ニューヨーク、ニューヨーク

 20年ぶりのニューヨークでした。といっても今回マンハッタンにいられたのはトータルすると24時間ぐらいで、昔と何が違っていて、何がそのままなのか、比較する余裕があまりなかったんですが、やはり久しぶりに来たなあという感慨はありました。
 
 いちばん変わったのは治安でしょうか。以前なら、どこから東、どこから西の通りは危ない、行くな、といろいろな人に釘をさされたものでしたが、今回は誰もそんなことをいいません。この20年で銃が使われるような凶悪事件はめっきり減ったのだそうです。そのせいなのかどうなのか、町が明るくなったように感じました。日本を含め、世情は荒れていく一方なのに、これは一つの奇跡ですよね。
 
 五番街の上半分がブランドショップだらけになっていることにも驚きました。前はこれほどでもなかったような。銀座の1丁目から4丁目の中央通りが延々続いている感じです。私自身はブランドものといえばチョコレートぐらいしか買えないので、すごいなあ、アメリカ人もブランド好きなんだなあ、でも、寄ってみたいと思うお店がなくてつまんないなあ、と思いながら歩いていました。
 
 私にとっておもしろかったのは、なんてったってニューヨーカーです。これほど信号を守らない人種が世の中に存在したとは。赤だろうが、青だろうが、関係なく彼らはガンガン歩いていきます。車の方が人に遠慮して止まっています。ニューヨーク大学に留学している日本人の学生さんが言ってました。「信号というのはただの“目安”にすぎなくて、こっちの人は気にしないんです。信号で止まるかどうかで、ニューヨーカーか、ツーリストか判別できます」 信号が青になるのを待てない民族としては大阪人が有名ですが、それを上回る「いらち」がニューヨークにいたというのは、新鮮な発見でした。でも事故が起きて訴訟にでもなったら、赤で渡っていたというのは不利じゃないのか。訴訟社会アメリカ、そこんとこどうなのよ。
 
 道の両側にずらーっと路上駐車の車が並び、実質一車線しかない道で、果敢に縦列駐車に挑む女性ドライバーも目撃しました。後ろに十数台車が続くぐらい道が混んでいるんですよ。でも、ぜんぜん、お構いなし。クラクションが五重和音、十重和音で鳴ろうと、まったく気にしないで、車をおしりから空いたスペースにつっこむことに専念していました。それがまた下手なんですよ(笑)。あれぐらい自己中心主義で行かないと、あの街では生けていけないのかもしれません。

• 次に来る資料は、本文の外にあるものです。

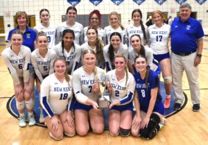 DSC_0083 By Andre Jones | November 14, 2025 11:56 am New Kent's Lady Trojans celebrate with their trophy after capturing the Region 3A volleyball championship.Robb Johnson photo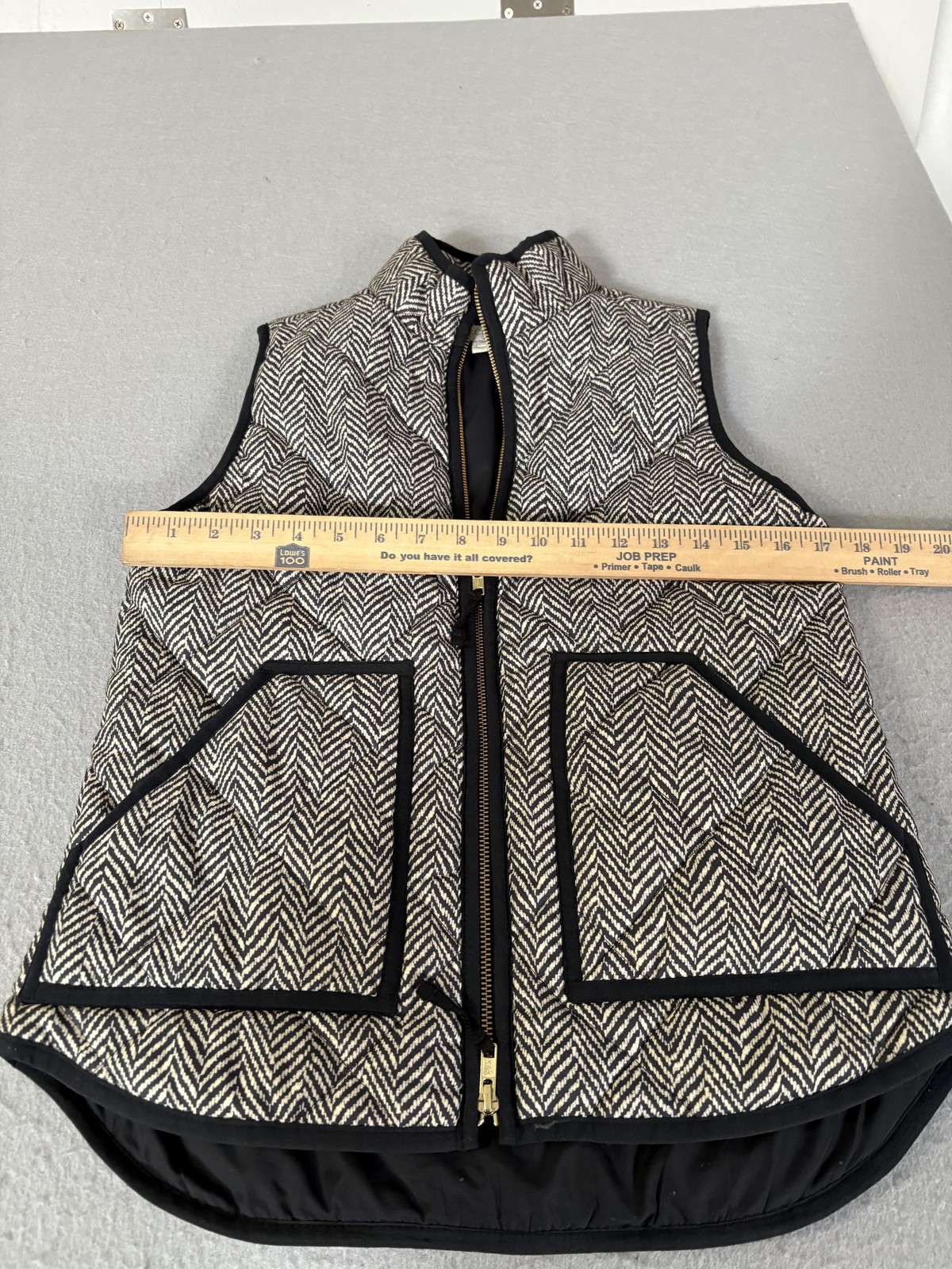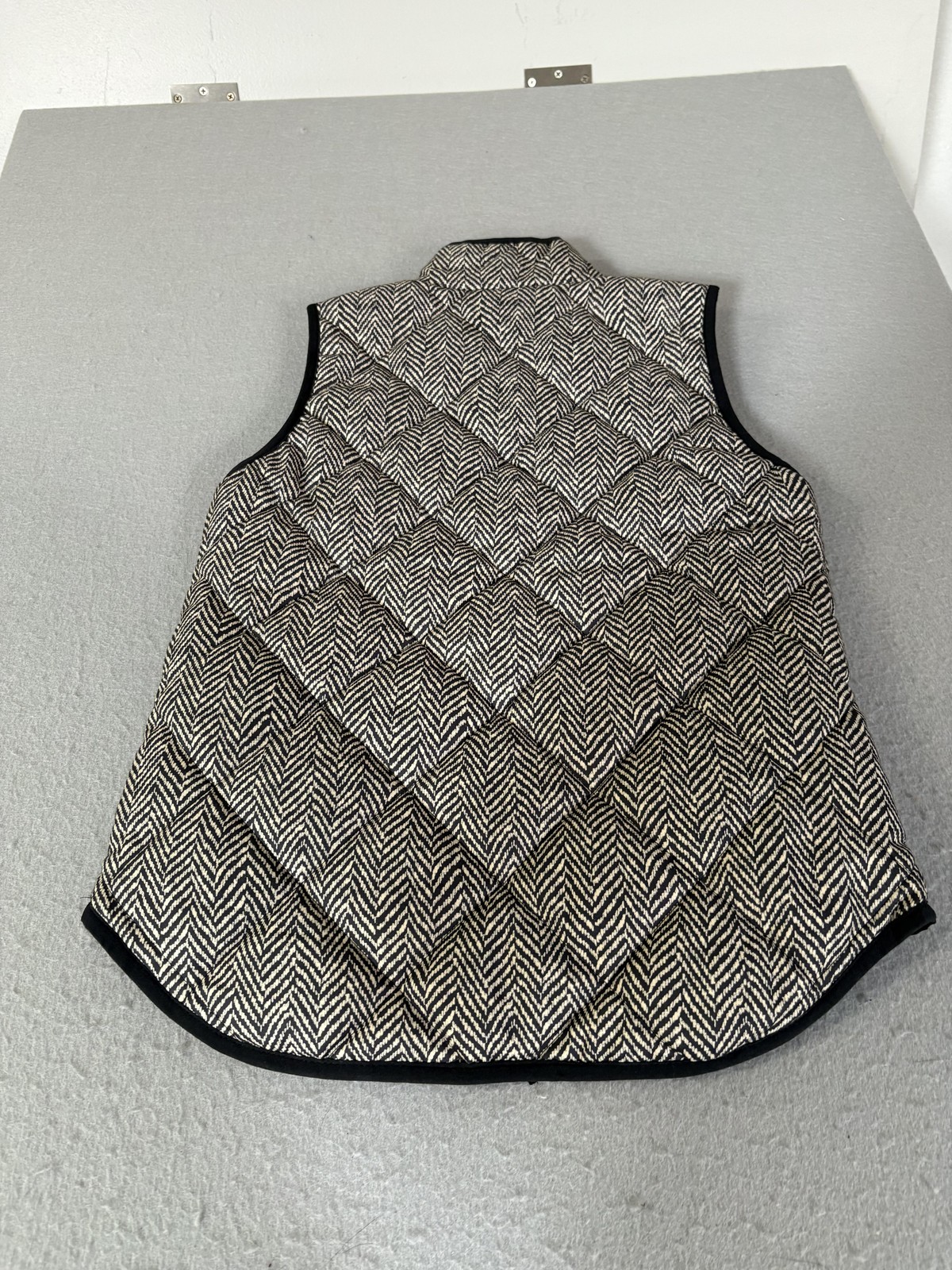 Brand: J.Crew Item: Womens quilted puffer vest in a black and white herringbone pattern with black contrast trim. Details: Two-way gold-tone front zipper, stand collar, two front patch pockets, curved drop-tail hem, fully lined. Size on tag: XS Made in Vietnam.

 その一方で、グランドゼロには泣けました。周りの人は、あれだけの惨劇だった割には被害を受けた範囲が意外に狭かったんだねというのですが、私は逆に、ピンポイントで攻撃されたのにも関わらず、あんなにも大きなクレーターができてしまったんだと思ってショックでした。現場に掲示されている約3,000名のヒーローたちの名前が、なんだか胸に迫ってしまって。あそこにはまだ天国に行けない魂がたくさんさまよっている気がします。自分でも不思議なくらい、涙がぽろぽろ出てきちゃう。どうも気持ちが普通じゃいられなくなる感じです。

 唯一の訪問希望だった高級食材店ディーン&デルーカには、行けたことは行けたんですが、時間がなくて滞在時間はなんと15分。その短い時間に珍しい乾物をいくつかせしめてきました。あいかわらず料理の仕方がよくわかりませんが、また乾物和洋中でもおいおいご紹介していきますね。ああ、それにしても、チーズも、パンも、おいしそうなのが山ほどあったのに。今度は絶対あの店に半日取ります!
 
 タイムズスクエアで並んでミュージカルのチケットも取りたかったし、メトロポリタン美術館ももっと見たかったし、アル・パチーノが映画を撮った高級ホテルにも足を踏み入れたかったし、し足りなかったことをあげればきりがありません。サンフランシスコは都会だし、大好きな街なんだけど、それにまさる魅力がやはりニューヨークにはありますね。なんだろう、一言でいえば“躍動感”みたいなものかなあ。今度はまた20年後なんて悠長なことはいわないで、近いうちにまた行きたいと思います。